■ Given information:
_ _ _ _ _
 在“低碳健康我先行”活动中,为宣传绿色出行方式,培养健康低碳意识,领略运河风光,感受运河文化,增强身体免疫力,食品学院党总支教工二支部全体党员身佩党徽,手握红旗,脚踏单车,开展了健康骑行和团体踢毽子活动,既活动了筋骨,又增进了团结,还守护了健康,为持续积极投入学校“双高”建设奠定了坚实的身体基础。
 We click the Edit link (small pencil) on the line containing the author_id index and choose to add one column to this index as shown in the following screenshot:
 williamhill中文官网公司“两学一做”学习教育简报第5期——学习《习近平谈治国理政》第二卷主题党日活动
_ _ _ _ _
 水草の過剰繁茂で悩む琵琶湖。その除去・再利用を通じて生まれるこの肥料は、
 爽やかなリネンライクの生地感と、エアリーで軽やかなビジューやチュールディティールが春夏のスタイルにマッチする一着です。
_ _ _ _ _
■ Task objective:
Retype exactly the lines above, from the one with "We click the" through the one with "williamhill中文官", inclusive.

■ Response to this exercise:
 We click the Edit link (small pencil) on the line containing the author_id index and choose to add one column to this index as shown in the following screenshot:
 williamhill中文官网公司“两学一做”学习教育简报第5期——学习《习近平谈治国理政》第二卷主题党日活动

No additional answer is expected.